A new United Nations study says that Afghanistan, the world's largest opium producer, has become a leading consumer of its own narcotics. It says that about a million Afghans, or 8 percent of the war-shattered country's total population, is suffering from drug addiction.

Deputy Chief of U.N Assistance Mission in Afghanistan (UNAMA), Robert Watkins, released the survey at a news conference in Kabul Monday and described its findings as alarming. He said the overall figures are probably higher because cultural restraints in Afghan society did not allow the survey to cover women and children.

Watkins said the growing addiction problem in Afghanistan is having a devastating effect on social development in the country. The survey found there are at least 350,000 heroin and opium addicts in the country, representing a 75 percent increase since 2005.

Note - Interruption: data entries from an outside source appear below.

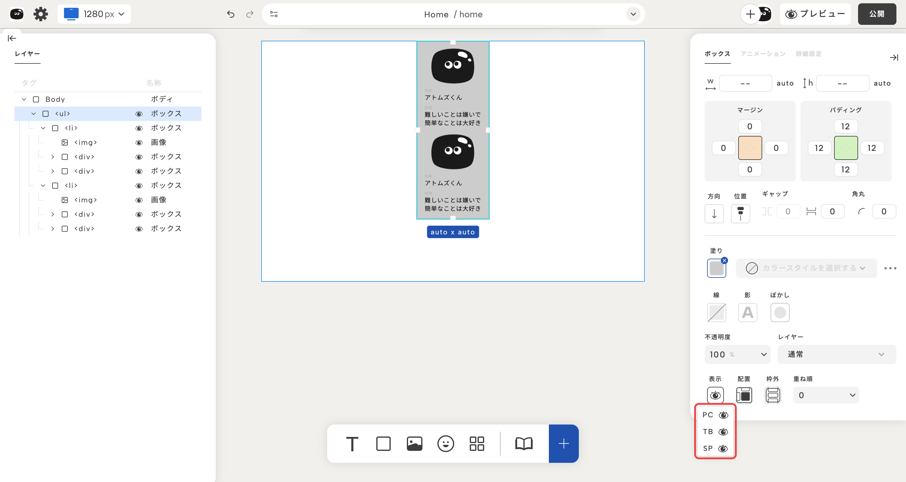 | TB | タブレット | iPadやタブレット端末での表示 |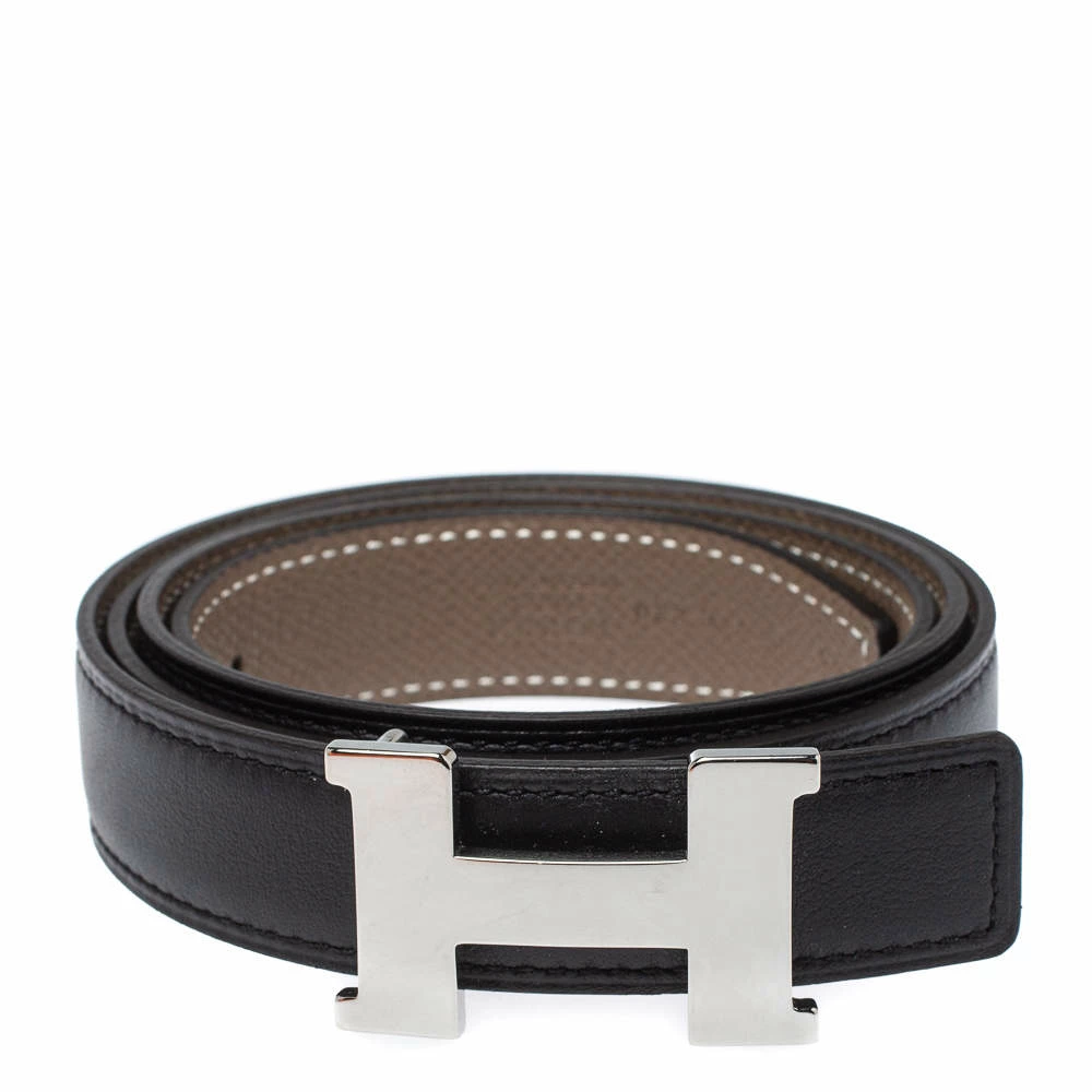 A classic add-on to your collection of belts, this Hermes piece has been crafted from Epsom and Swift leather. It is reversible with a black shade on one side and grey on the other. It is topped with an H buckle in silver-tone. This wardrobe essential piece will continually complement your style.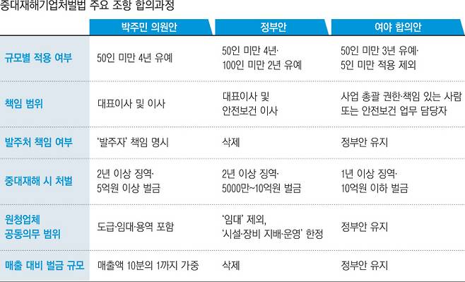 여야는 이날 논의에서 마지막 쟁점이던 법 적용 유예 부칙은 ‘50인 미만 사업장에 대해 공포 후 3년’으로 합의했다. 원안의 ‘4년 유예’에서 1년 당겼다. 정부 측에서 제시한 50~99인 사업장 ‘2년 유예’ 의견은 폐기했다. 5인 미만 사업장이 법 적용 대상에서 제외되는 등 전반적인 법안 내용이 대폭 후퇴한 상황에서 유예 기간을 그대로 유지할 명분이 사라진 결과다. 그러나 전국 전체 사업장 가운데 98.8%가 50인 미만 사업장이고, 전체 재해 76.6%가 영세 사업장에서 발생하는 상황에서 3년 유예 역시 지나치다는 지적이 나온다.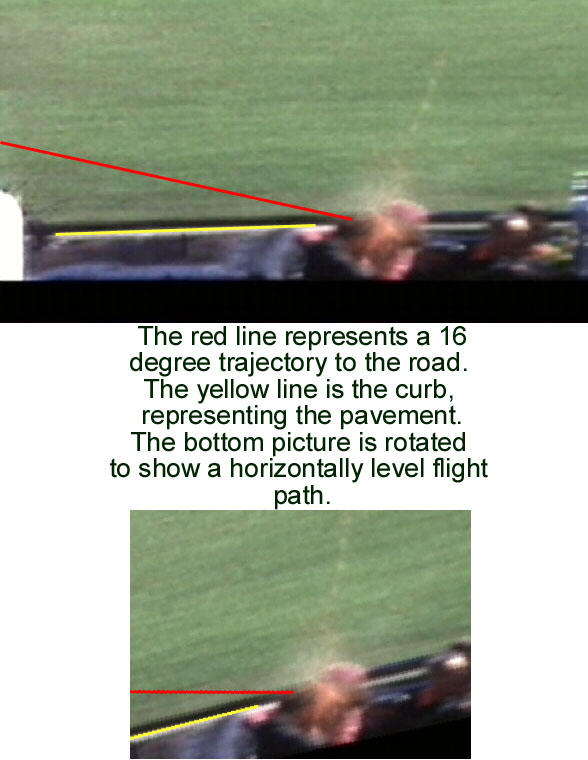 As much as I would like to take credit for this find, I cannot. Perceptual researchers Paul Seaton and Steve Barber noticed something in the MPI digital remake of the Zapruder film that stunned them, and myself. It appears, to me at least, that what is visualized is a fragment of bone ejected from the front, parietal area of Kennedy's head. It can be seen emerging from the wound in frame 313 as the right side of Guiterrez's entry cone. It is seen in flight in frame 314. When Zapruder filmed the assassination, the camera panned upwards a tiny bit, taking the lower margin of the top of the car out of the frame. Because of this, you cannot see into the car for a few frames, then he lowered the camera again. What was captured is both gross and amazing. Click here to see the video sequence. I highlighted the bone fragment in the video. It actually appears about 2 frames before my highlights of the bone appear. I did not notice that until I had completed the video editing. Watch closely. Roses are Red, Violets are Blue. Roses don't bounce and tumble, but parietal bones do!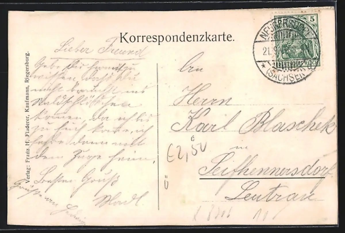 alte Ansichtskarte, gelaufen 1909, guter Zustand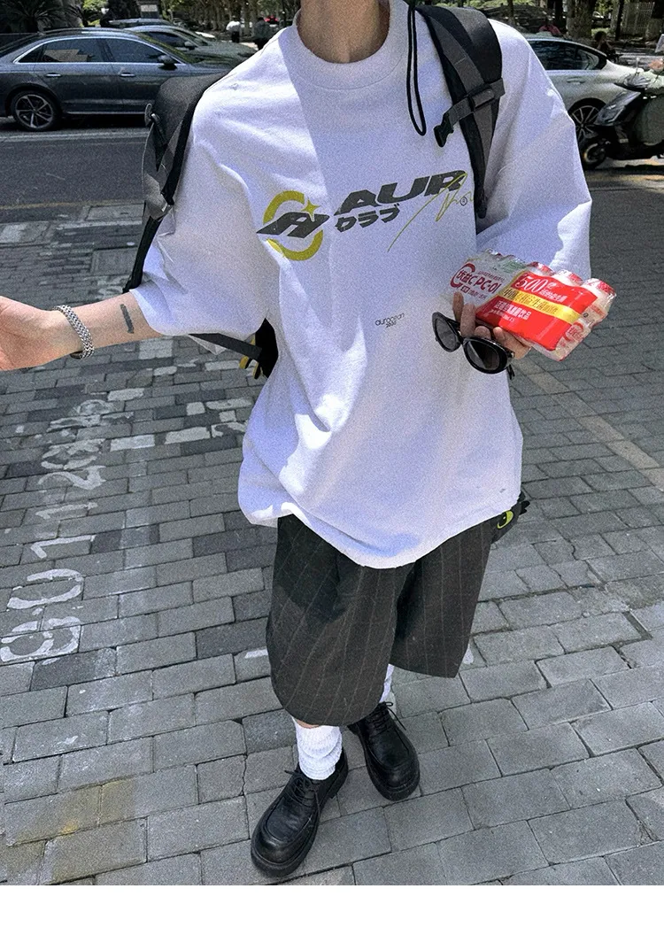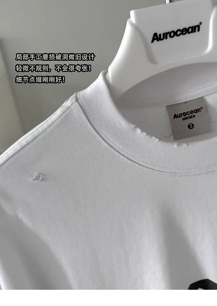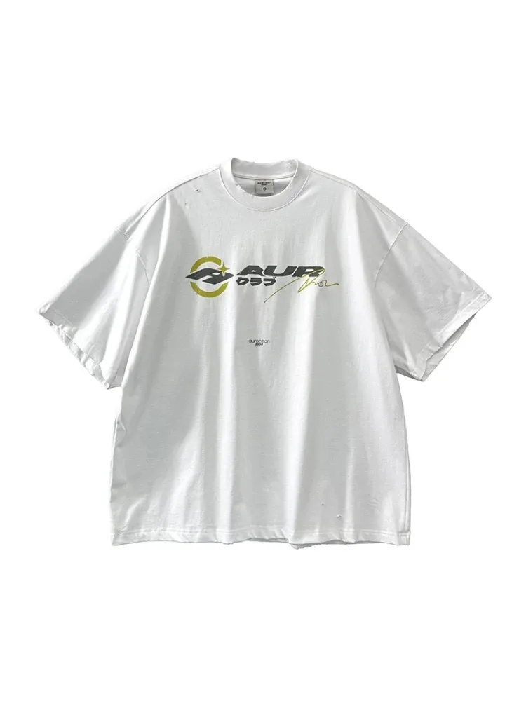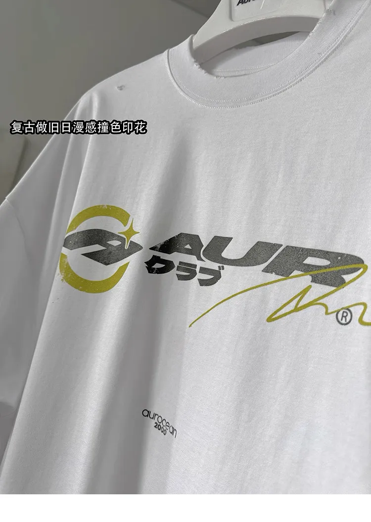 AUROCEAN 千禧少年 油墨印花 做舊破壞 短袖(白色)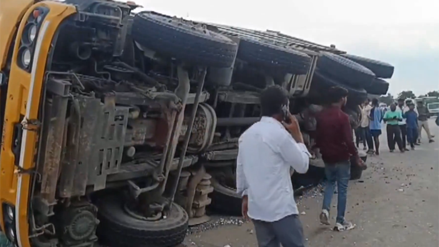 The accident occurred on the highway leading to the state capital, Hyderabad. A passenger bus with 70 people collided with a truck carrying gravel. The impact caused part of the cargo to collapse onto the bus, trapping the passengers inside.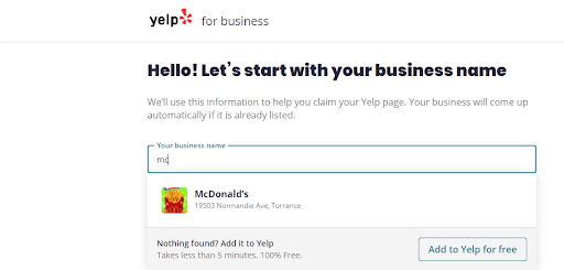In this circumstance, you’ll simply click “Add to Yelp for free”.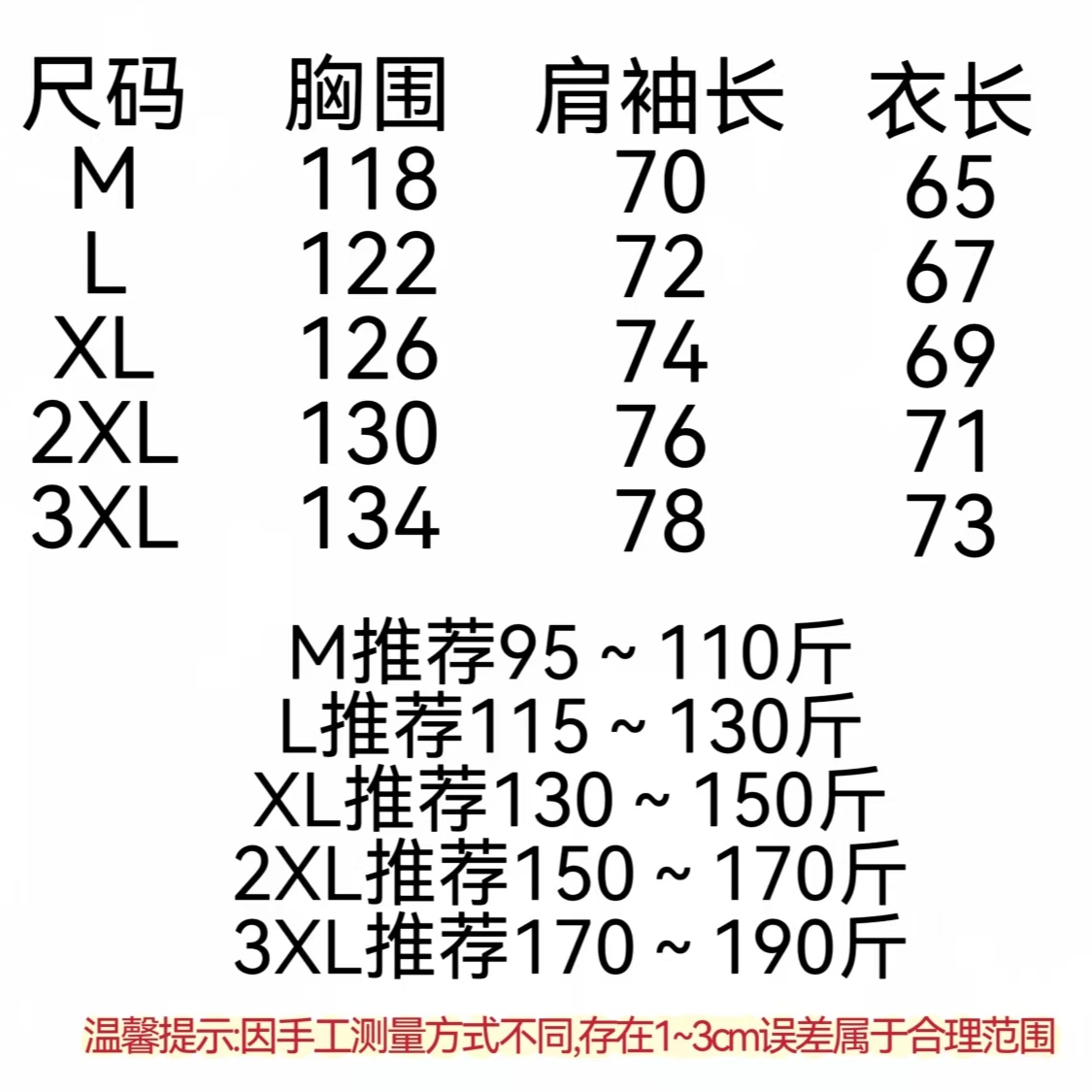 尺码 M 3XL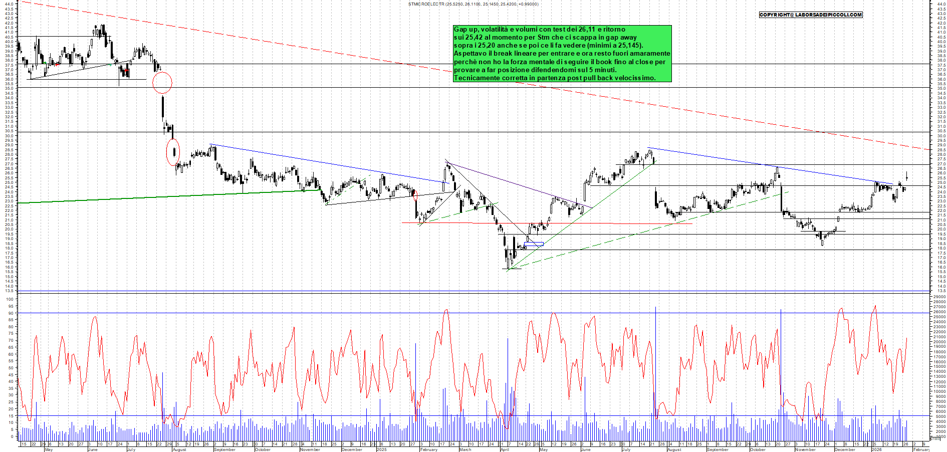 STM: Gap up, volatilità e volumi con test dei 26,11 e ritorno sui 25,42 al momento per Stm che ci scappa in gap away sopra i 25,20 anche se poi ce li fa vedere (minimi a 25,145). Aspettavo il break lineare per entrare e ora resto fuori amaramente perchè non ho la forza mentale di seguire il book fino al close per provare a far posizione difendendomi sul 5 minuti. Tecnicamente corretta in partenza post pull back velocissimo.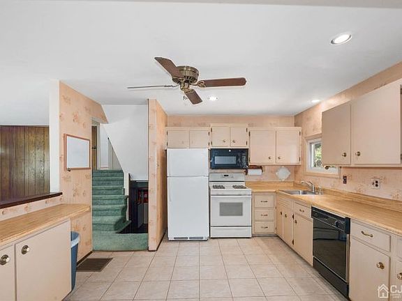 Back on Market! Mid-Century Split level home on quiet street boasting addition of a Dining Room, 1 2 Bath, and Office 4th Bedroom on the main level. Serene fenced yard with deck and retractable awning, and enclosed spa. Some hardwood under carpets. Replaced windows. Master Bedroom on its own level upstairs with access to walk up attic and walk-in closet. Vinyl siding and 2-car wide driveway. Close to schools, transportation (NYC Bus) and shopping! Waiting for your imagination and personal touches! Strictly as is. Sellers will make no repairs changes.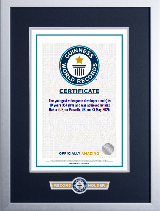 After five months of waiting, Guinness World Records has officially accepted my application, making me the Youngest Videogame Developer (male)! I’d like to thank the Penarth Library and V.O.G. Bots for nurturing my love of coding and my parents who supported me the whole way. For more posts, watch this space!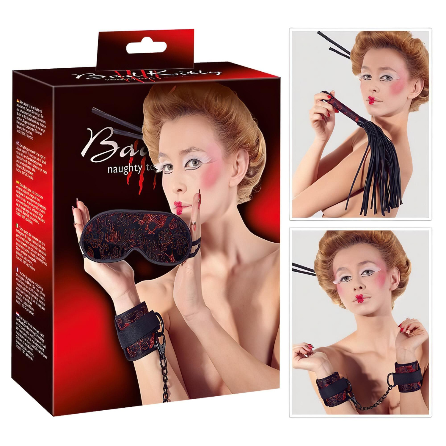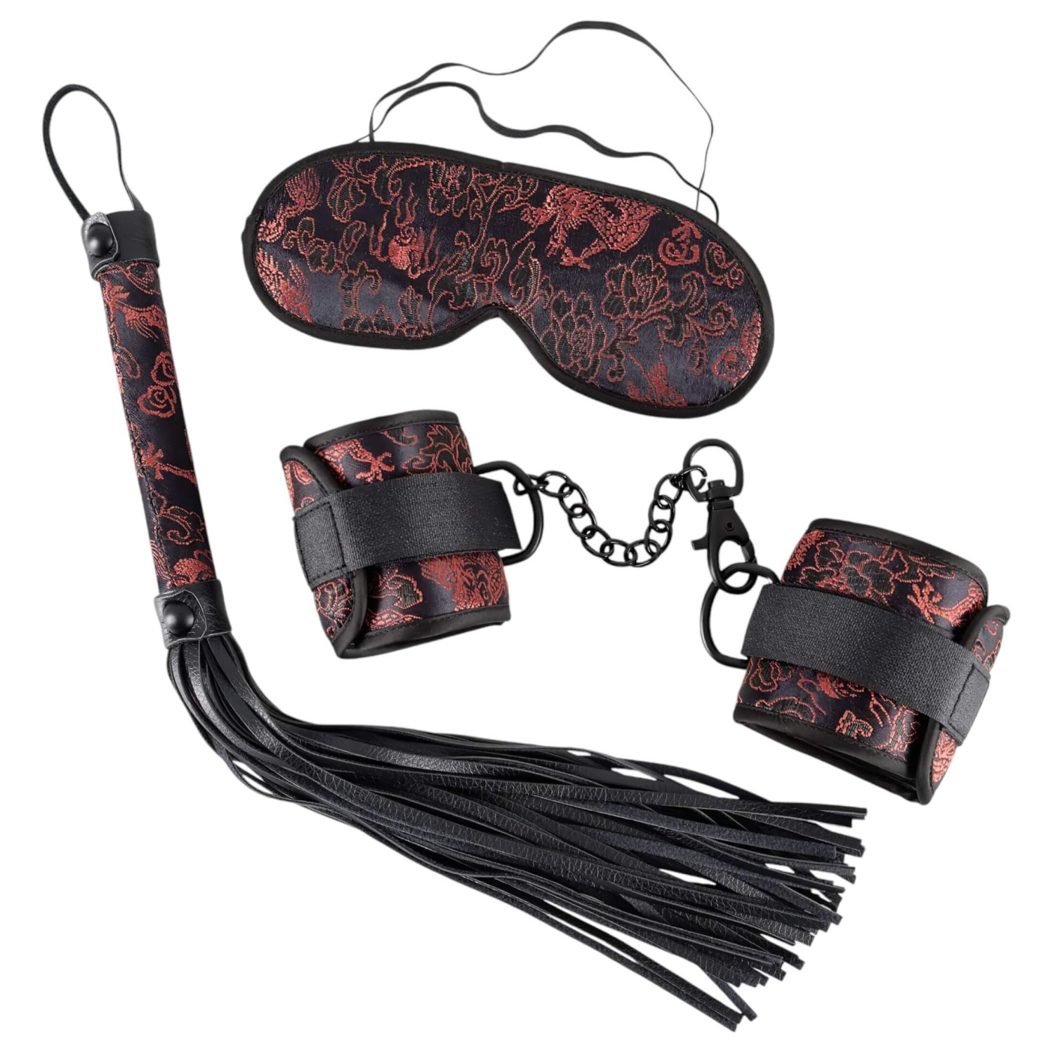 Découvre de nouvelles dimensions de plaisir avec ce set bondage élégant en trois pièces, confectionné en satin noir orné de motifs rouges.

"Eight percent, mostly young [and] mostly male, are affected by this problem, and as we also learned very much running inside families. Parents who don't have means to provide medicine for their children will use narcotics as a way of softening the pain," Watkins said, "[And] the discomfort that the children are experiencing as a result of whatever their illness may be and, consequently, making new drug addicts."

Citing the survey findings, Watkins said that 50 percent of Afghanistan's opium-using parents give the drug to their own children. It is also worrying, he added, that drug use within the Afghan police force is also very high.

"The report shows that between 12 and 41 percent of Afghan police recruits test positive for some kind of drug addiction. Clearly, we are not just concerned about the safety, security and well being of those individuals, but we are concerned about the safety, security and well being of an entire nation," Watkins said.

He added the survey also showed that drug abuse treatment facilities and services are clearly far from sufficient.

"There is a huge treatment gap with only 40 percent of structured drug treatment centers in 21 provinces, which means that some 700,000 people who are willing and trying to overcome their addiction are unable to get any kind of assistance."

U.N. officials blame the growing drug addiction problem on three decades of war-related trauma, unlimited availability of cheap narcotics and limited access to treatment. The U.N. report called for more effective international anti-drug efforts to help the Afghan government and the population to overcome the growing problem.

Afghanistan is the world's biggest producer of opium, from which heroin is derived. More than half of the illicit crop is cultivated in southern provinces of the country, where Taliban insurgents are most active.